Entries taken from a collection
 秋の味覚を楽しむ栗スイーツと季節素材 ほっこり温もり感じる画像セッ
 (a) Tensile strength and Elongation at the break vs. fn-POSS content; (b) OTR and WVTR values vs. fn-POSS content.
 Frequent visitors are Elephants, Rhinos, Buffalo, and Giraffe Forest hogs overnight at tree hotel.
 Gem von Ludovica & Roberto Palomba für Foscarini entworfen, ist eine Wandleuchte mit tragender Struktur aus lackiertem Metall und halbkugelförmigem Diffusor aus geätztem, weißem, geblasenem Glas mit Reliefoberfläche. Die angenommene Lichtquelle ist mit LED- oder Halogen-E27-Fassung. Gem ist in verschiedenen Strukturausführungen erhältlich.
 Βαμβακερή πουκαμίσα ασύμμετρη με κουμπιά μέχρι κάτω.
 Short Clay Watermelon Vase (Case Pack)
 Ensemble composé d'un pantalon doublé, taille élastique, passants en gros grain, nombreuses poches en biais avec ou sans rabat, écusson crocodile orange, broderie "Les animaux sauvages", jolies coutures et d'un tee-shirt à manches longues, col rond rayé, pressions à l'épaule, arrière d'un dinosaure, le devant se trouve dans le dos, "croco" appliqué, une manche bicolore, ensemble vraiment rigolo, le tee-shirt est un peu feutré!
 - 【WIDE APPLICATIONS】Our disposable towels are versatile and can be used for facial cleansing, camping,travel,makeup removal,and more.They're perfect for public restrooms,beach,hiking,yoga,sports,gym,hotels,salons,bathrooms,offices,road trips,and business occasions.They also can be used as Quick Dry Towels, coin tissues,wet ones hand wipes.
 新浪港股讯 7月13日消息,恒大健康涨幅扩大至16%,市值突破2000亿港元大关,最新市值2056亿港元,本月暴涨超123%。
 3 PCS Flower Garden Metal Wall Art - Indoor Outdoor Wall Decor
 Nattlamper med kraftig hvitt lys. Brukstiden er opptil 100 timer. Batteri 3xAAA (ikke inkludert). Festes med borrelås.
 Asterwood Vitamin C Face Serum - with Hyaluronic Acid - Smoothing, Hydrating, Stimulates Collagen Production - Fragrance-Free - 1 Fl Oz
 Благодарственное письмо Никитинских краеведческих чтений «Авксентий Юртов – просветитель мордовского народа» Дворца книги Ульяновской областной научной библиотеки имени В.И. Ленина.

:: PROBLEM ::
Repeat the records above exactly as they appear.

:: ANSWER AREA ::
 秋の味覚を楽しむ栗スイーツと季節素材 ほっこり温もり感じる画像セッ
 (a) Tensile strength and Elongation at the break vs. fn-POSS content; (b) OTR and WVTR values vs. fn-POSS content.
 Frequent visitors are Elephants, Rhinos, Buffalo, and Giraffe Forest hogs overnight at tree hotel.
 Gem von Ludovica & Roberto Palomba für Foscarini entworfen, ist eine Wandleuchte mit tragender Struktur aus lackiertem Metall und halbkugelförmigem Diffusor aus geätztem, weißem, geblasenem Glas mit Reliefoberfläche. Die angenommene Lichtquelle ist mit LED- oder Halogen-E27-Fassung. Gem ist in verschiedenen Strukturausführungen erhältlich.
 Βαμβακερή πουκαμίσα ασύμμετρη με κουμπιά μέχρι κάτω.
 Short Clay Watermelon Vase (Case Pack)
 Ensemble composé d'un pantalon doublé, taille élastique, passants en gros grain, nombreuses poches en biais avec ou sans rabat, écusson crocodile orange, broderie "Les animaux sauvages", jolies coutures et d'un tee-shirt à manches longues, col rond rayé, pressions à l'épaule, arrière d'un dinosaure, le devant se trouve dans le dos, "croco" appliqué, une manche bicolore, ensemble vraiment rigolo, le tee-shirt est un peu feutré!
 - 【WIDE APPLICATIONS】Our disposable towels are versatile and can be used for facial cleansing, camping,travel,makeup removal,and more.They're perfect for public restrooms,beach,hiking,yoga,sports,gym,hotels,salons,bathrooms,offices,road trips,and business occasions.They also can be used as Quick Dry Towels, coin tissues,wet ones hand wipes.
 新浪港股讯 7月13日消息,恒大健康涨幅扩大至16%,市值突破2000亿港元大关,最新市值2056亿港元,本月暴涨超123%。
 3 PCS Flower Garden Metal Wall Art - Indoor Outdoor Wall Decor
 Nattlamper med kraftig hvitt lys. Brukstiden er opptil 100 timer. Batteri 3xAAA (ikke inkludert). Festes med borrelås.
 Asterwood Vitamin C Face Serum - with Hyaluronic Acid - Smoothing, Hydrating, Stimulates Collagen Production - Fragrance-Free - 1 Fl Oz
 Благодарственное письмо Никитинских краеведческих чтений «Авксентий Юртов – просветитель мордовского народа» Дворца книги Ульяновской областной научной библиотеки имени В.И. Ленина.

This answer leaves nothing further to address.